CHP Eskişehir Milletvekili Utku Çakırözer’in hazırladığı “2020 Basın Özgürlüğü Raporu” da ilginç. Buna göre:

- 2020’de gazeteciler 479 kez hâkim karşısına çıktı, toplam 140 yıl hapis cezası verildi.

- 78 gazeteci gözaltına alındı, 25’i tutuklandı.

- SÖZCÜ ve Korkusuz Gazeteleri’ne 46 gün, Cumhuriyet Gazetesi’ne 110 gün ilan kesme cezası verildi.

- SÖZCÜ’nün yayınlarından rahatsız olan iktidarın müfettişleri vergi rekortmeni SÖZCÜ’ye 14.5 milyon vergi cezası verdi.

- SÖZCÜ TV’nin yayın için yaptığı başvuru, siyasi nedenlerle bekletiliyor. SÖZCÜ TV yayına başlamadığı halde 26 bin lira para cezası verildi.

- Metin Yılmaz, Emin Çölaşan ve Necati Doğru’nun da aralarında bulunduğu SÖZCÜ Gazetesi çalışanlarına yönelik davada toplam 20 yıl hapis cezası verildi. Milli Savunma Bakanı Hulûsi Akar’ın açtığı davada Yılmaz Özdil 5 ay hapisle cezalandırıldı.

Türkiye’de gazetecilerin hal-i pür melâli (acınacak hâli) işte böyle...

Ne diyelim?

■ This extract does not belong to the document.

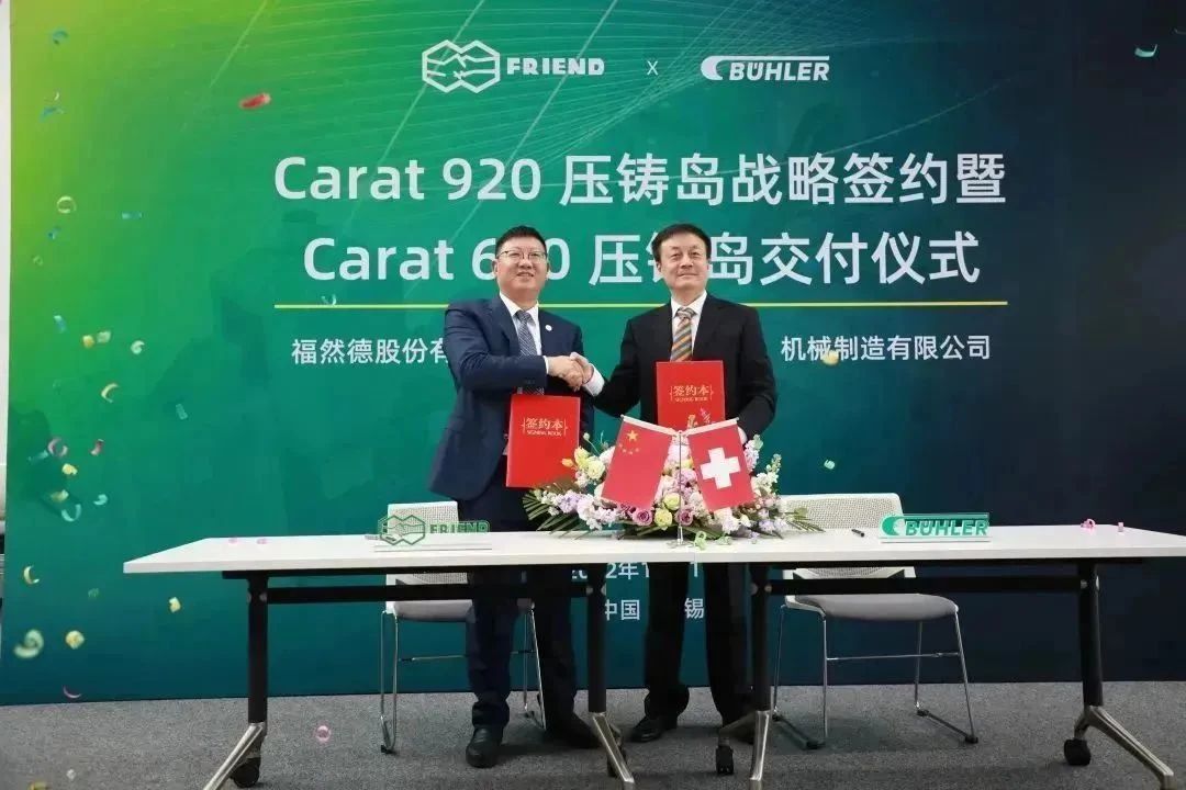 ![]() 5月23日,福然德股份有限公司(簡稱“福然德”)在2022年度業績說明會上表示,公司非公開定增募投項目之“新能源汽車鋁壓鑄建設項目”,目前廠房建設已基本完成,壓鑄島主體設備已完成安裝,其他配套設備正陸續安裝過程中。項目待設備全部安裝完成將進行聯動調試和試生產,后續則將根據實際進度情況進入正式投產階段。 據了解,福然德是一家提供鋼鐵供應鏈解決方案和服務的A股上市企業。為拓展新能源汽車一體化壓鑄領域,福然德于2021在安徽省舒城縣投資建設新能源汽車鋁壓鑄生產基地項目,并在當地設立全資子公司——安徽優尼科汽車科技有限公司(簡稱“優尼科”)作為項目實施主體。項目用地面積約120畝,建成約4.85萬平方米的工業廠房,主要生產汽車結構件、汽車底盤件及汽車零部件,預計產能為2萬噸。 據悉,該項目一期建設已采購了三套大型壓鑄單元,為布勒兩套 4400T 壓鑄島和1套 6100T 壓鑄島。2022年11月17日,采購的布勒 Carat 610 壓鑄島成功交付。同時,福然德還宣布,規劃擴建優尼科二期建設,并于2022年11月與布勒簽約復購兩套 9200T壓鑄島。
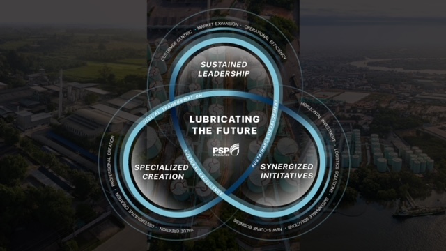 นายเสกสรรกล่าวเพิ่มเติมว่า เพื่อเร่งเพิ่มรายได้และกำไรจากการดำเนินงานในปี 2569 PSP ได้กำหนด 3 กลยุทธ์หลักในการขับเคลื่อนธุรกิจ ซึ่งกลยุทธ์แรก คือ การต่อยอดความเป็นผู้นำอย่างยั่งยืน (Sustained Leadership) โดยมุ่งสร้างความแข็งแกร่งในธุรกิจหลักของบริษัท ทั้งกลุ่มผลิตภัณฑ์หล่อลื่น น้ำมันหม้อแปลงไฟฟ้า น้ำมันอุตสาหกรรม และน้ำมันผสมยาง ผ่านการยึดลูกค้าเป็นศูนย์กลาง การเพิ่มประสิทธิภาพการผลิต และการบริหารจัดการห่วงโซ่อุปทานอย่างมีประสิทธิภาพ เพื่อรองรับความต้องการของลูกค้าที่ขยายตัวต่อเนื่องจากการย้ายฐานการผลิตเข้ามาในประเทศและในภูมิภาคอาเซียน ควบคู่กับการขยายตลาดต่างประเทศ โดยตั้งเป้าเพิ่มสัดส่วนรายได้จากการส่งออกเป็นร้อยละ 30 ภายในปี 2571 เพื่อสร้างพอร์ตธุรกิจที่สมดุลและสนับสนุนการเติบโตของกำไรอย่างต่อเนื่องในระยะยาว

Allah beterinden saklasın!

Böyle başa böyle tıraş!


Türkiye Futbol Federasyonu’nun önceki başkanlarından Mustafa Kemal Ulusu’dan şikâyet dolu bir serzeniş mektubu aldım.

“Binmişiz bir alâmete, gidiyoruz kıyamete!” diyor ve şöyle devam ediyor:

“Hep Türk futbolu neden kötüye gidiyor?’ diye soruyoruz.

Böyle bir yönetimle iyi gitmesi mümkün mü?

Böyle başa böyle tıraş!

Şu ‘Korona salgını’ döneminde bütün kulüplere, takımlara, futbolculara acıdım. Hele 1-2-3’üncü lig takımları tam anlamıyla perişan. Uzak deplasmanlara ne şekilde gittiklerini bilen bilir. Otobüslerde yan yana, iç içe, yüz yüze ve maskesiz... Bu nedenle çok sayıda futbolcu koronaya yakalandı...

Diyeceksiniz ki, onlar da maske taksalardı, mesafeyi kollasalardı...

Senin Federasyon Başkanın bile maske takmıyor ki!

Saldım çayıra, Mevlâm kayıra misali...

Başkan Nihat Özdemir, Bodrumspor’u ziyaret etmiş. Sağ olsun destek de vermiş ama tüm bilim adamları ‘Maskesiz gezmeyin. Özellikle kalabalık ortamlara maskesiz girmeyin’ derken, bizim Başkan Bey, tamamı maskesiz olan futbolcu ve kulüp idarecilerinin arasına maskesiz girmiş... Bu ne vurdumduymazlık! (Kemal Ulusu’nun eleştirisini kanıtlamak için gönderdiği fotoğraf bende mahfuz.)

Koronanın kol gezip can aldığı ülkemizde Türkiye Futbol Federasyonu Başkanı böyle sorumsuz davranırsa, gerisini siz düşünün...

Balık baştan kokuyor’

(M. Kemal Ulusu)

GÜNÜN SÖZÜ


Keşke Türkiye krize gireceğine Avrupa Birliği’ne girseydi!